Eugene Braunwald, ‘Icon’ of Modern Cardiology, Dies at 96

Eugene Braunwald, ‘Icon’ of Modern Cardiology, Dies at 96
Photo credit: Mass General Brigham

Eugene Braunwald, MD, who fled the Holocaust as a boy to become one of the most influential figures in cardiovascular medicine, died yesterday. He was 96.

Braunwald’s death was confirmed by Mass General Brigham, parent organization of Brigham and Women’s Hospital (Boston, MA), where he most recently held the title of Chief Academic Officer. 

From his groundbreaking discovery that heart attacks are progressive events that can be stymied by quick intervention to his countless pivotal studies and textbooks published throughout his career, Braunwald leaves behind a legacy that will affect patients and practitioners alike worldwide.

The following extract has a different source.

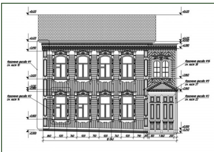
Дом Маториных, проект реставрации.

“Braunwald came along just as [the field of cardiology] was getting active” said Thomas Lee, MD (Brigham and Women’s Hospital, Boston, MA, and Press Ganey), who wrote Braunwald’s biography, Eugene Braunwald and the Rise of Modern Medicine, in 2013. “The change was going to happen—and Braunwald was part of that, of course—but he rode the wave, he accelerated the wave as we went from being passive to active, and he did it with incredible effectiveness and brilliance.”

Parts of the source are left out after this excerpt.